I was checking my server and I can see a couple IPs trying to guess users passwords. Fail2ban list those IPs as blocked already but I can see current connections from those same addresses still trying to guess passwords. Maybe the Webmin configuration is not properly applying the fail2ban actions? How can I really see if fail2ban is adding those addresses to firewalld?
Looks like a different issue because banaction and banaction_allports both use firewalld. Do you get “already banned” warnings in fail2ban.log? Are those ips also visible in the fail2ban.log?
I was only checking with fail2ban-client and did not think to use iptables -L, that is why I did not know that even though fail2ban las logging and banning IPs, it was not applying the rules to firewalld. The moment I modified jail.local and added the “action” directive to each jail it started banning the IPs correctly in Iptables.
It seems that the default configuration that Virtualmin uses is not valid, at least for Centos 8 Stream.
With SSH you should be using certificate keys login only.
Once you can ssh on with SSH keys you when fail all logs that don’t use that method. Fail2ban shouldn’t be needed.

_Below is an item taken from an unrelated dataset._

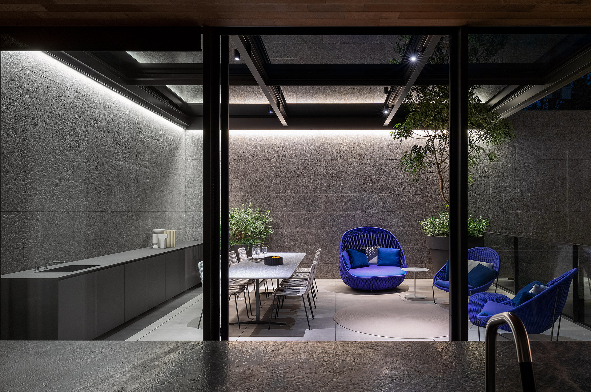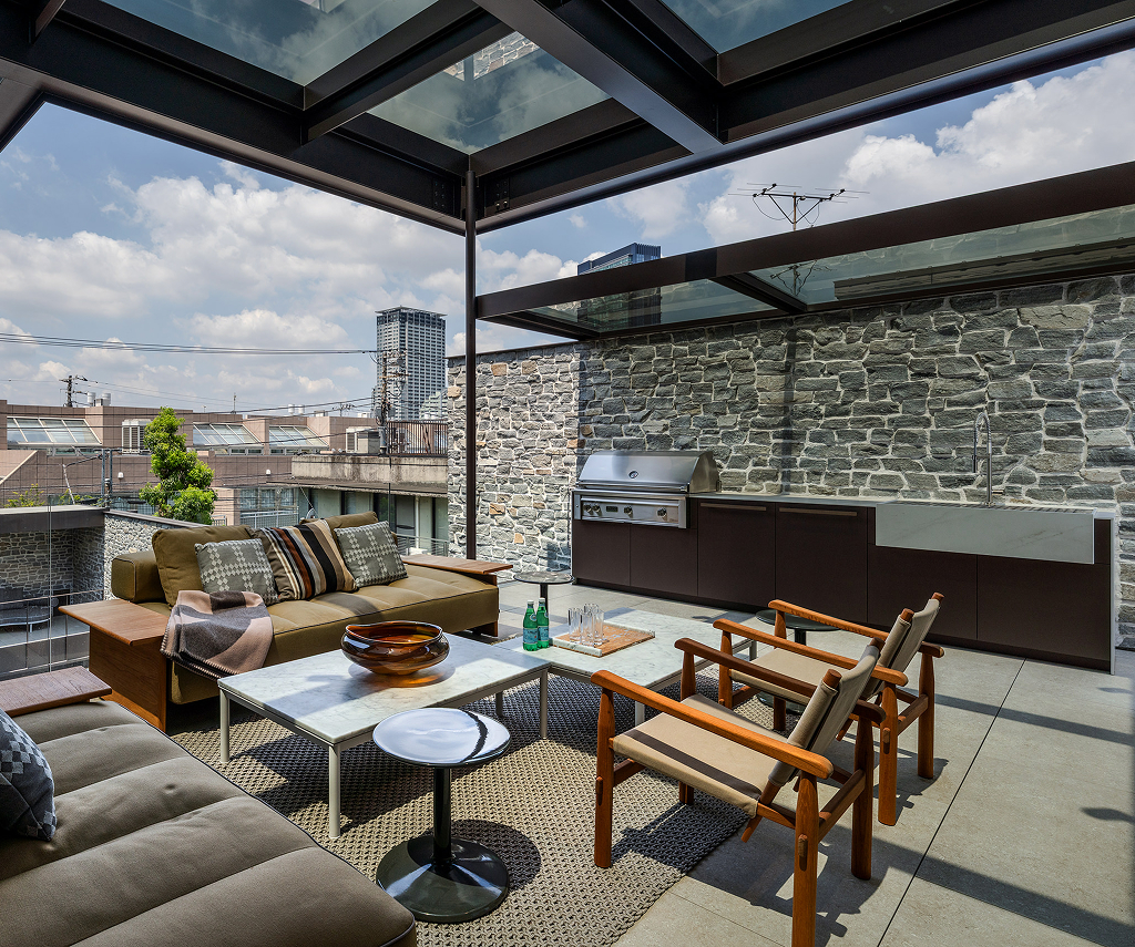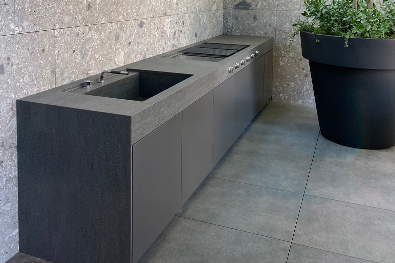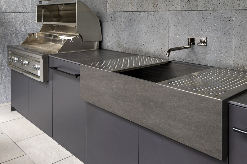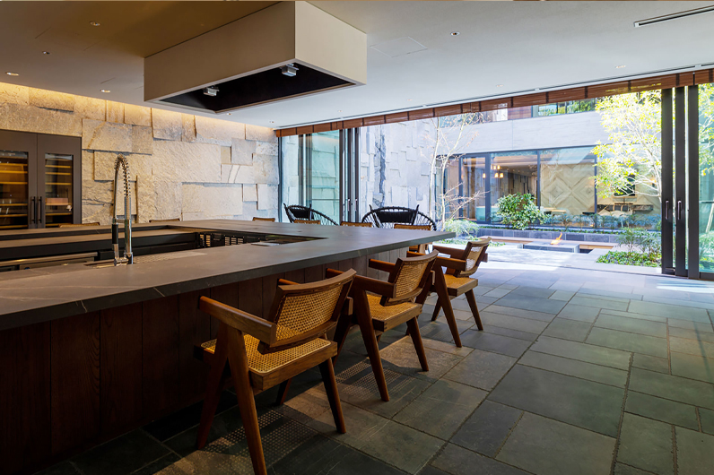 An outdoor kitchen designed in harmony with the interior space becomes a stage that transforms moments spent outside into extraordinary experiences.

@cursor try to increase ban time to something like 3 months per ban. That’s possible too harsh but in my case after few days I’ve seen only handful new ips blocked each day. I have SSH key login only on my server but still they try, and fail 3 times, fail2ban give them 6 months. SSH key only reduced attacks on my end by 90% and fail to ban is doing rest, however blocking IP for 10 minutes is was not effective at all in my case
There is the ability in Fail2ban to linearly or exponentially increase ban times for repeated offenders. I like this approach for people or (me) that might mistakenly hit the ban. In 10 minutes I can try again but repeated failures can then be an hour, a day then a week and then 6 weeks. You set the schedule like this from my /etc/fail2ban/jail.local Centos 7
I use 17 minutes as the initial ban time here because I report the offending IPs to abuseipdb.com and that site will only accept repeat reports after 15 minutes. Set ban time to whatever works for you.
Also, max bantime I set to 6 weeks. I find that works well because I set the dbpurge (fail2ban internal database purge) time to 59 days.
recidive jail was the original way of dealing with repeat offenders. It was improved with the individual jail ban times and multipliers and factors for each jail. If you want SSH to go quickly to 60d but wp-admin errors to have a shorter bantime then you can customize. I found software like opencart attracts DOS attacks and required a different jail than my other sites. Those IPs attacking get hit with bans very quickly and then repeats get the full 60d and those attacks have basically stopped. Before fail2ban, those attacks required a Linode server reboot.